:: Recorded data ::
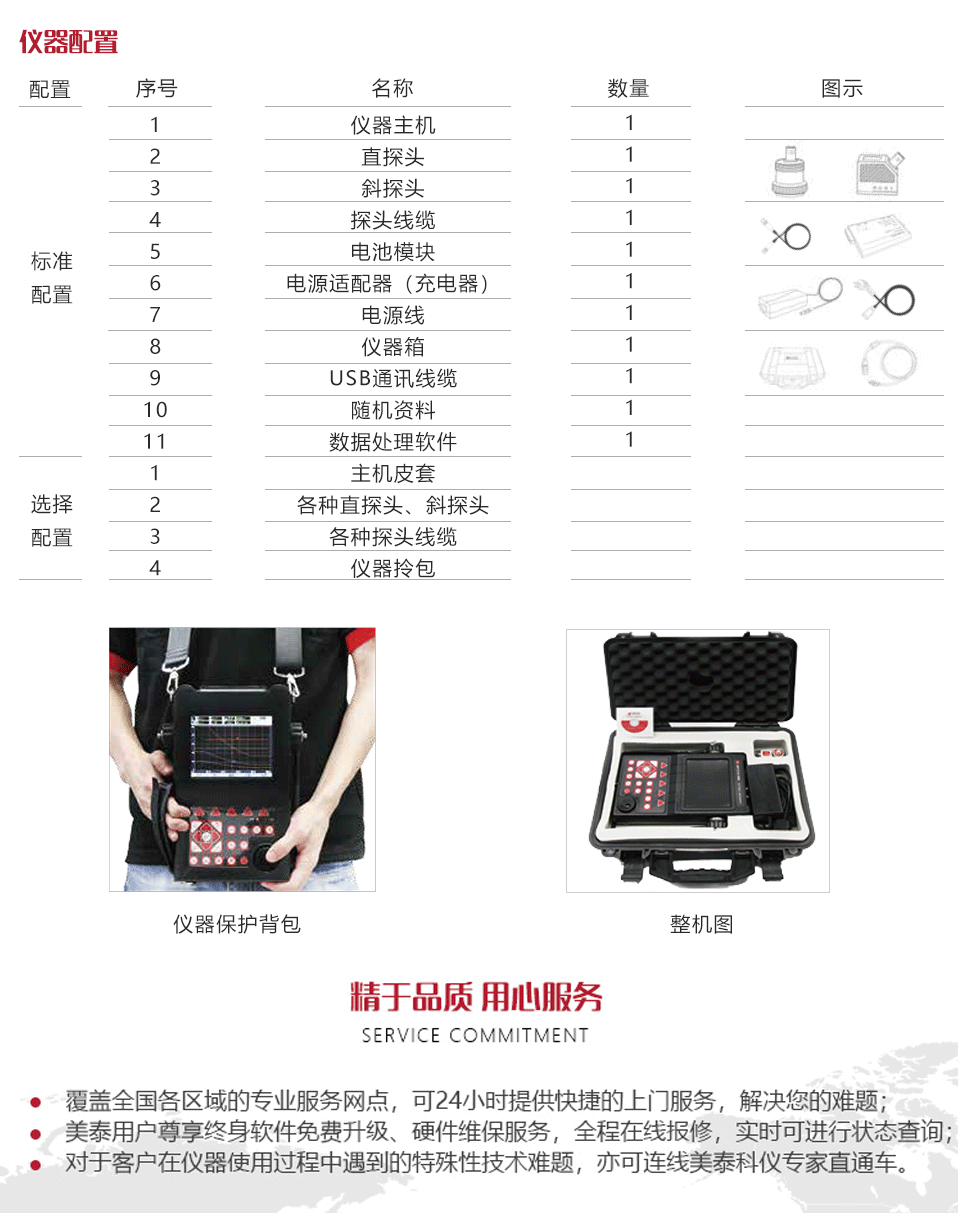 | 美泰超聲波探傷儀附有專用的隨機裝箱資料。包括產品合格證、保修卡、產品說明書、裝箱清單。隨機資料采用專用的銅版紙印制,說明書圖文設計,美觀、易懂、便于長久保存。注:美泰品牌系列產品的隨機資料均可登陸www.gcuvbwo08.cn下載電子版。 | |
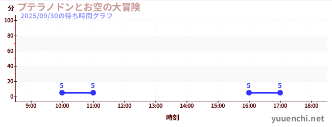 2025/09/30の待ち時間グラフ (プテラノドンとお空の大冒険)
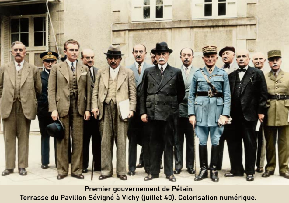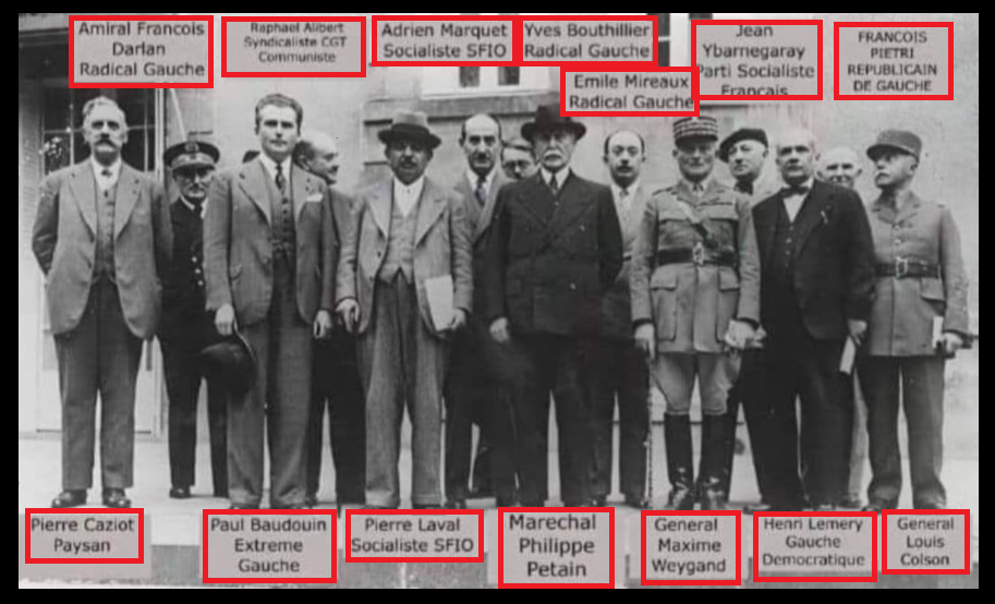 Sur les omissions et les mensonges déposés par l’extrême-droite sur les réseaux sociaux, revient très souvent cette photo (juillet 1940) des membres du premier gouvernement de Vichy, cliché accompagné de fausses légendes sur l’appartenance et le passé de ces mêmes membres d’avant 1940.

:: Description of the task ::
With the pictures excluded, the line containing "2025/09/30の待ち時間グラフ (プテラノドンとお空の大冒険)" and every line after it through the end of the data above are to be transcribed exactly, and nothing more.

:: Problem solution ::
 2025/09/30の待ち時間グラフ (プテラノドンとお空の大冒険)
 Sur les omissions et les mensonges déposés par l’extrême-droite sur les réseaux sociaux, revient très souvent cette photo (juillet 1940) des membres du premier gouvernement de Vichy, cliché accompagné de fausses légendes sur l’appartenance et le passé de ces mêmes membres d’avant 1940.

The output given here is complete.